しかしながら,今でも,事件発生直後に公費で被害者支援弁護士を選任する制度はありません。

また,経済的損害について民事裁判や損害賠償命令制度を利用したとしても,実際には金銭賠償を受けることが困難な場合が,まま生じます。

犯罪被害者等給付金制度は自賠責並みになったと言われてはいるものの,その額は損害を回復するには少なすぎるというべきです。

性犯罪・性暴力の被害者の精神的・身体的負担を軽減するには,そこへ行けばワンストップで必要十分な医療面・精神面・刑事手続等の支援を受けられる,そういうワンストップ支援センターが望ましいのですが,全国各地のセンターは財政難にあえいでおり,泣き寝入りしている多くの被害者をすくい上げ,きめ細かな支援をするにはまだまだ不十分です。

このように依然として道半ばにある被害者支援を担う立場の中でも行政,なかでも地方自治体・地方公共団体の役割は極めて重要だと言わねばなりません。

生活支援を含めたきめ細かい支援を実現するためには,犯罪被害者が生活基盤を置く自治体による支援が不可欠です。持続的な支援サービスを提供するためには財政的な裏付けが必要です。こうした自治体による活動には,法的根拠としての条例が必要です。

今日は,犯罪被害に遭った方々を支援する「条例」にスポットを当てて,考えていきたいと思います。

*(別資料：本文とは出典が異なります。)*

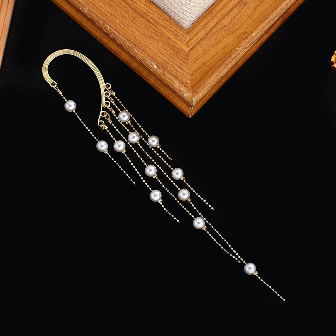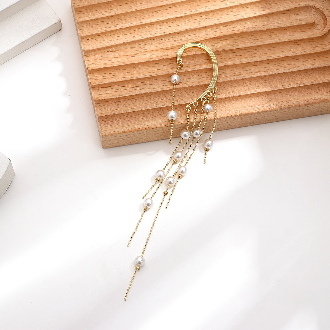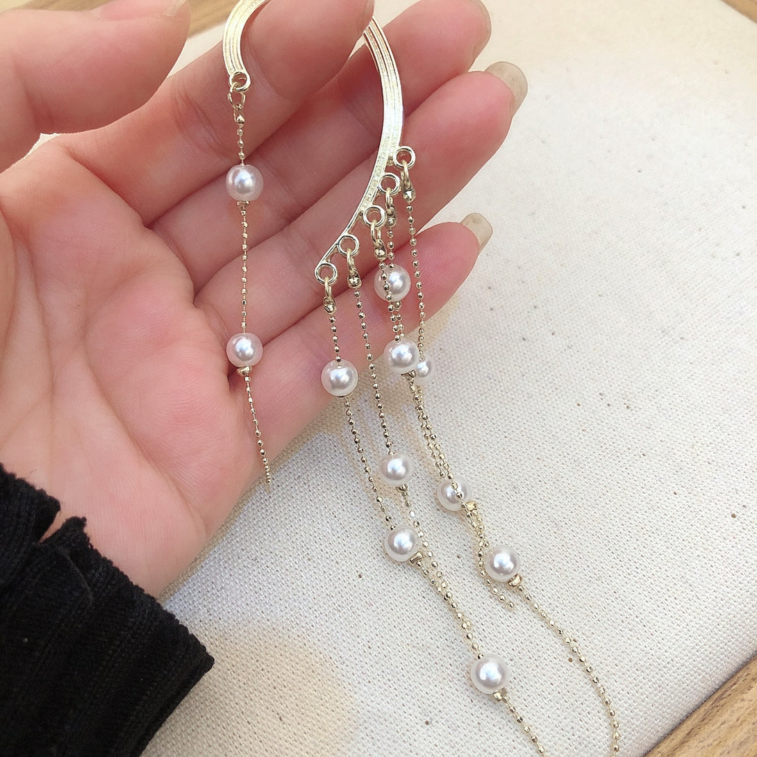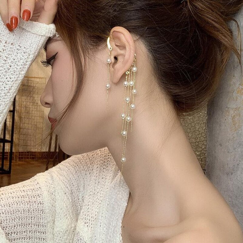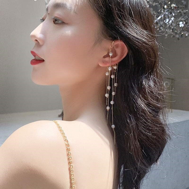 Pendientes de perlas coreanas con forma de arco y perforación larga, pendientes de clip colgantes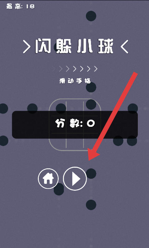 3、当你碰到障碍物就会失败,需要在结算界面点击箭头指向的播放按钮,重新开始闪躲小球游戏。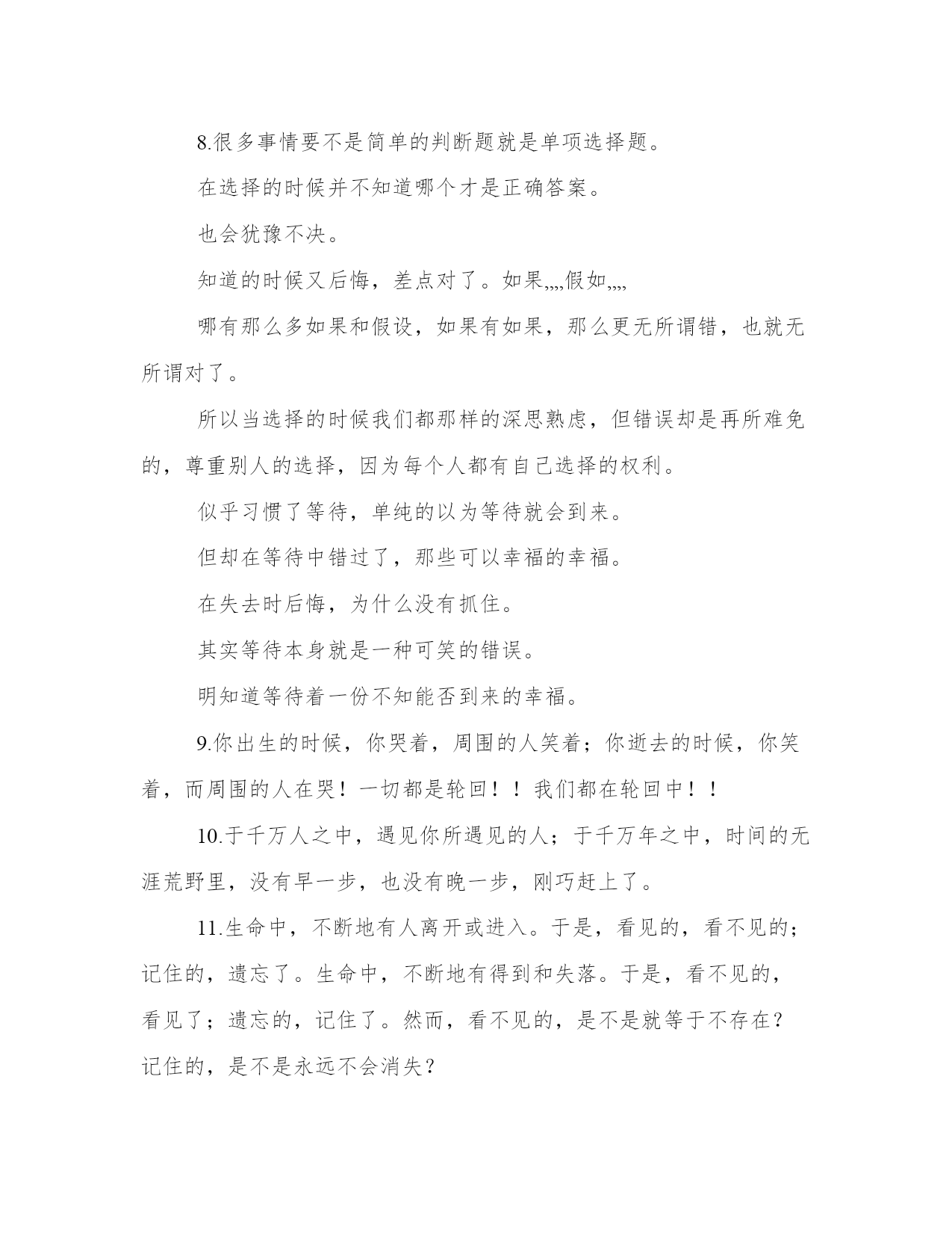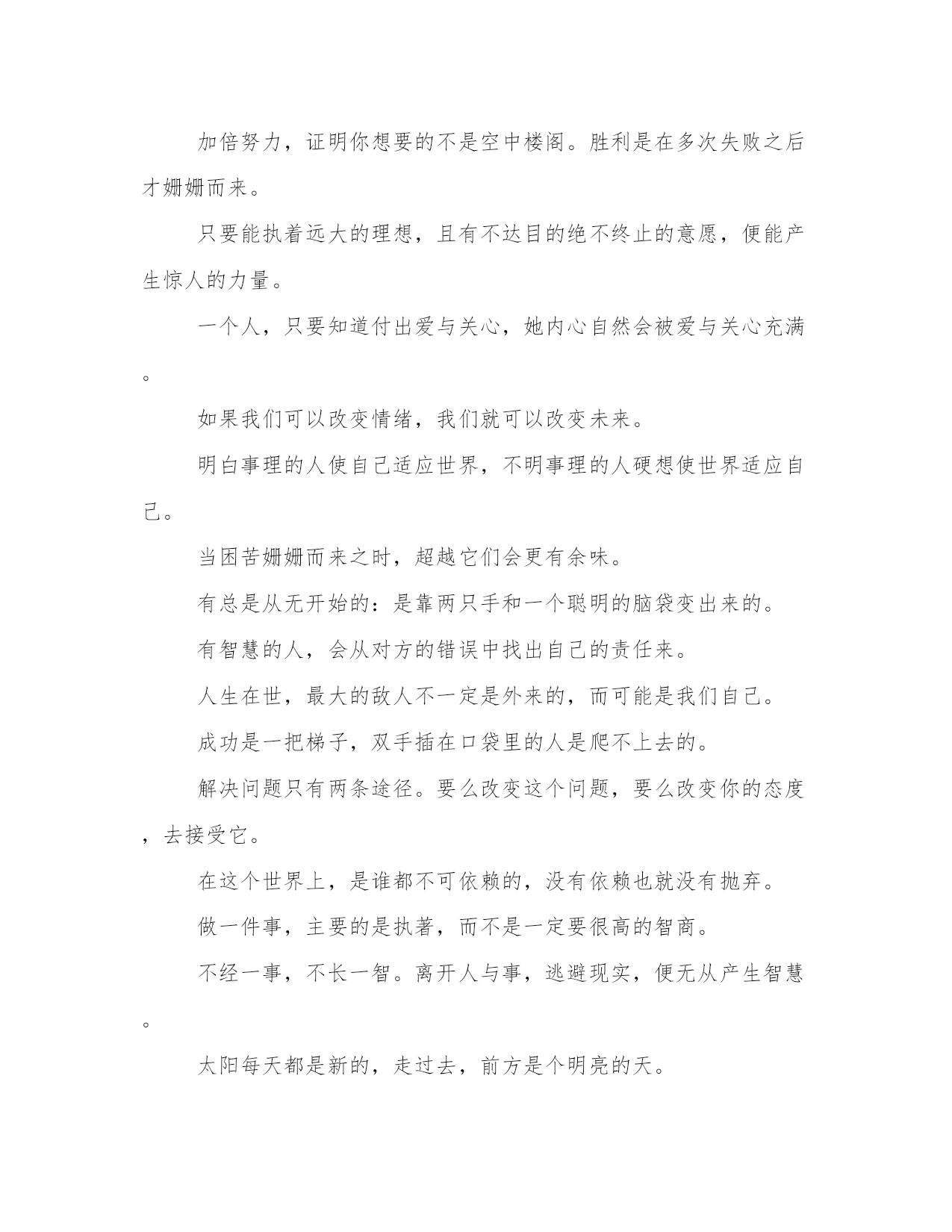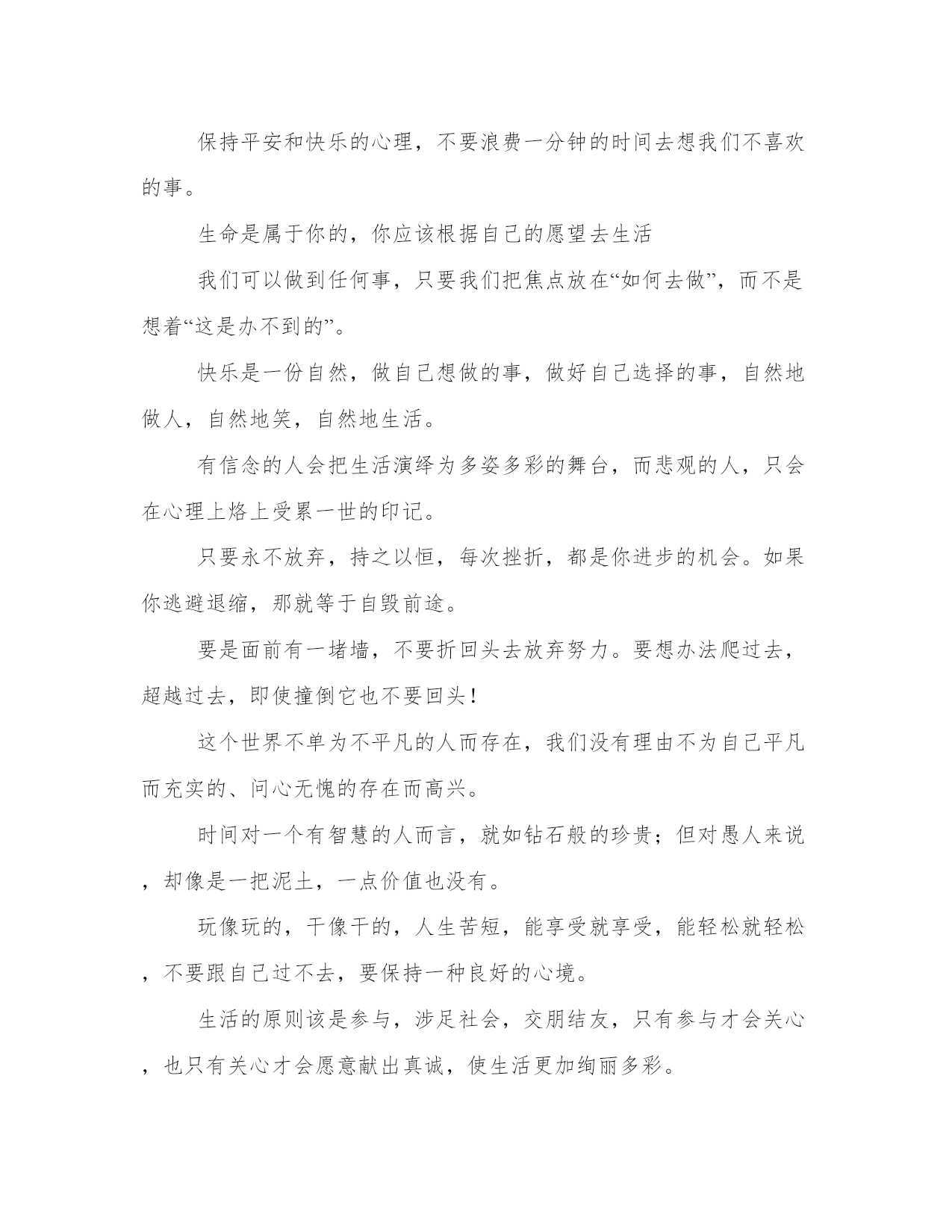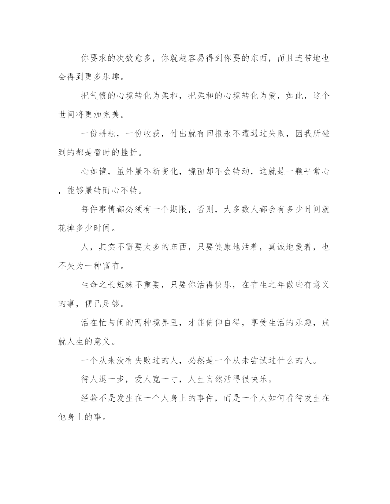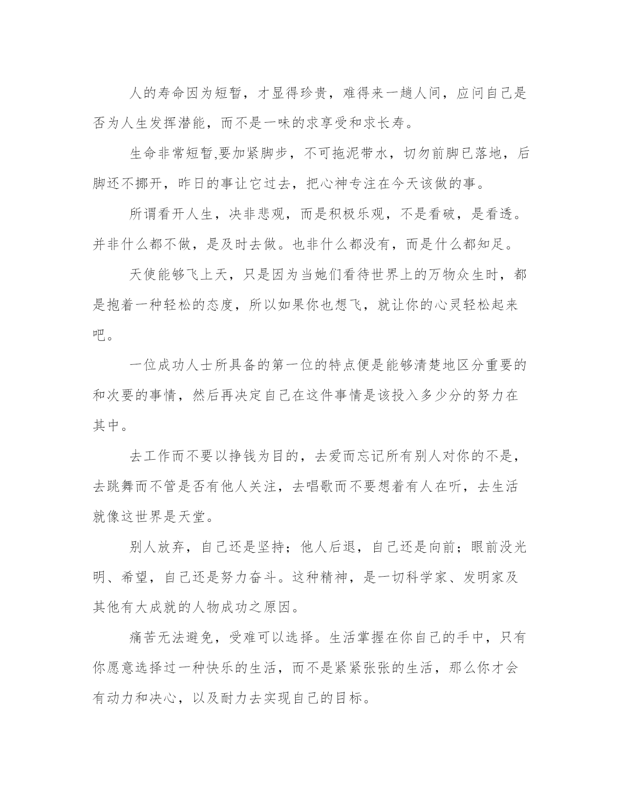 2024年用心做事的文案(三篇)在日常学习、工作或生活中,大家总少不了接触作文或者范文吧,通过文章可以把我们那些零零散散的思想,聚集在一块。那么我们该如何写一篇较为完美的范文呢?这里我整理了一些优秀的范文,希望对大家有所帮助,下面我们就来了解一下吧。用心做事的文案篇一所以!在面对生活和人生的时候,请不要忘记善待自己,善待生活。记得要用好的心态去面对自己身边的人和事,首先重要的依然是你对生活的态度,对人生的态度!改变人生命运除掉两个字“要是”,要想成功,不需要任何借口。当你感到孤独时,给你的父母、朋友、亲戚、同事、师长中任何一个人打个电话或者发条自己写的短信,告诉她你还记得并且很关心她。给别人一份温暖,自己得到的更多。智者一切求自己,愚者一切求他人。——卡莱友谊总需要用忠诚去播种,用热情去灌溉,用原则去培养,用谅解去护理。——马克思一个胜利者不会放弃,而一个放弃者永远不会胜利。信心、毅力、勇气三者具备,则天下没有做不成的事。如果你想得到,你就会得到,你所需要付出的只是行动。一个缺口的杯子,如果换一个角度看它,它仍然是圆的。对于每一个不利条件,都会存在与之相对应的有利条件。一个人的快乐,不是因为他拥有的多,而是他计较的少。世间成事,不求其绝对圆满,留一份不足,可得无限美好。记住:你是你生命的船长;走自己的路,何必在乎其它。你要做多大的事情,就该承受多大的压力。如果你相信自己,你可以做任何事。天空黑暗到一定程度,星辰就会熠熠生辉。时间顺流而下,生活逆水行舟。生活充满了选择,而生活的态度就是一切。人各有志,自己的路自己走。别人的话只能作为一种参考,是不能左右自己的。成功来自使我们成功的信念。相互了解是朋友,相互理解是知己。没有所谓失败,除非你不再尝试。有时可能别人不在乎你,但你不能不在乎自己。你必须成功,因为你不能失败。羡慕别人得到的,不如珍惜自己拥有的。喜欢一个人,就该让他(她)快乐。别把生活当作游戏,谁游戏人生,生活就惩罚谁,这不是劝诫,而是--规则!你要求的次数愈多,你就越容易得到你要的东西,而且连带地也会得到更多乐趣。把气愤的心境转化为柔和,把柔和的心境转化为爱,如此,这个世间将更加完美。一份耕耘,一份收获,付出就有回报永不遭遇过失败,因我所碰到的都是暂时的挫折。心如镜,虽外景不断变化,镜面却不会转动,这就是一颗平常心,能够景转而心不转。每件事情都必须有一个期限,否则,大多数人都会有多少时间就花掉多少时间。人,其实不需要太多的东西,只要健康地活着,真诚地爱着,也不失为一种富有。生命之长短殊不重要,只要你活得快乐,在有生之年做些有意义的事,便已足够。活在忙与闲的两种境界里,才能俯仰自得,享受生活的乐趣,成就人生的意义。一个从来没有失败过的人,必然是一个从未尝试过什么的人。待人退一步,爱人宽一寸,人生自然活得很快乐。经验不是发生在一个人身上的事件,而是一个人如何看待发生在他身上的事。加倍努力,证明你想要的不是空中楼阁。胜利是在多次失败之后才姗姗而来。只要能执着远大的理想,且有不达目的绝不终止的意愿,便能产生惊人的力量。一个人,只要知道付出爱与关心,她内心自然会被爱与关心充满。如果我们可以改变情绪,我们就可以改变未来。明白事理的人使自己适应世界,不明事理的人硬想使世界适应自己。当困苦姗姗而来之时,超越它们会更有余味。有总是从无开始的:是靠两只手和一个聪明的脑袋变出来的。有智慧的人,会从对方的错误中找出自己的责任来。人生在世,最大的敌人不一定是外来的,而可能是我们自己。成功是一把梯子,双手插在口袋里的人是爬不上去的。解决问题只有两条途径。要么改变这个问题,要么改变你的态度,去接受它。在这个世界上,是谁都不可依赖的,没有依赖也就没有抛弃。做一件事,主要的是执著,而不是一定要很高的智商。不经一事,不长一智。离开人与事,逃避现实,便无从产生智慧。太阳每天都是新的,走过去,前方是个明亮的天。面对灾难和不幸,如果你仍然活在世上,除了勇敢地挺过去,别无选择。弱者让情绪左右行为,强者让行为控制情绪。人生因有责任而踏实,若逃避责任,则这样的人生就是虚度。生活的10%在于你怎样看待它,而90%在于你怎样创造它。真正的圣人既强又柔,柔中带刚,刚中带柔;柔能调服众生,刚能坚强毅志。只要决心成功,失败就永远不会把你击垮。上帝馈赠予你的是“你是谁”,而你应回馈给上帝的是“我将是谁”。幸福不是毛毛雨,不会从天而降,自己努力吧!追随梦想,不论做什么事,相信你自己,别让别人的一句话将你击倒。成功的秘诀之一就是不让暂时的挫折击垮我们。实现梦想并非遥不可及的事,只要跨出第一步,就会离目标越来越近。生命的意义不在于马到成功,而在于不断求

自らの住むまちを安全安心なまちにするため,犯罪被害にあった市民の権利を守るため,市民の力で条例を作るということは,まさしく自治の実践であり,意義深いことです。福岡県弁護士会としても,被害者支援のひとつとして,条例制定という立法活動を支えることは,法律の専門家集団として当然のことでありますし,また,やりがいのあることです。

5 まとめ

今日のシンポジウムは,犯罪被害者やそのご家族の方々の声を直接聞く貴重なものであり,条例制定に向けて,私たちが,犯罪被害者の方々やそのご家族のために,何ができるかを考え,少しでも社会が前進する機会となることを祈念いたしまして,主催者の挨拶といたします。